Reviewed by Judy Richter

Marin Theatre Company has scored something of an artistic coup by staging the world premiere of Libby Appel's new version of Anton Chekhov's "The Seagull." Commissioned by the Oregon Shakespeare Festival, where Appel was artistic director from 1995-2007. this new version comes from a literal translation by Allison Horsley and restores passages that were cut by Russian censors or stage directors.

The plot and setting remain the same, however. The action takes place on a country estate outside Kiev during the late 1890s. The plot features several romantic triangles, unrequited love and thwarted dreams. The story begins as Kostya (John Tufts) has written a short play and has invited family and friends to see a preview starring his beloved Nina (Christine Albright), a neighbor.

The audience includes Kostya's uncle, Pyotr Sorin (Richard Farrell), who owns the estate; and Kostya's mother, Irina (Tess Malis Kincaid), a famous actress who is Pyotr's sister. Also in the audience is Irina's young lover, Boris Trigorin (Craig Marker), a famous, prolific writer; Yevgenii Dorn (Howard Swain), a local doctor; Ilya Shamrayev (Michael Ray Wisely), the estate's manager; Polina (Julia Brothers), his wife; Masha (Liz Sklar), their morose daughter; and Semyon Medvedenko (Peter Ruocco), a schoolteacher.
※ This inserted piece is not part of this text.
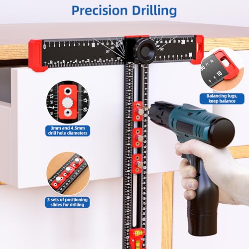- 【PRECISION HOLE PUNCHING】This drilling and positioning T square is equipped with 3 sets of sliders dedicated to locating and punching holes, you can adjust the sliders to accurately locate the punched holes and use it to punch holes directly, which is suitable for punching and installing knobs and pulls on cabinets, drawers, doors, and other furniture.woodworking tools

Kostya's relationship with his self-centered mother is complicated. Complications involving other characters also are seen. For example, Semyon loves Masha, who loves Kostya, who loves Nina, who falls in love with Trigorin. Polina loves the doctor. Most of them make the wrong choices or become so mired in inertia that they can't extricate themselves. Only the doctor and Sorin seem to have come to terms with and accepted their circumstances. The others, except for the oblivious Ilya, tend to do a lot of agonizing.

The cast is excellent. A special nod goes to the chemistry between Tufts' Kostya and Albright's Nina, perhaps stemming from their OSF experience. For the most part, MTC artistic director Jasson Minadakis paces the action well. Still, the production runs nearly three hours. The lighting is by Joan Arhelger with costumes by Antonia Ford-Roberts, and music and sound by Chris Houston. Robert Mark Morgan's set features stout birch trunks, starting with a relative few for the outdoors in the first act and adding more in subsequent acts. By the final act, the combination of these timbers and grid-like windows makes the interior of the house resemble a prison.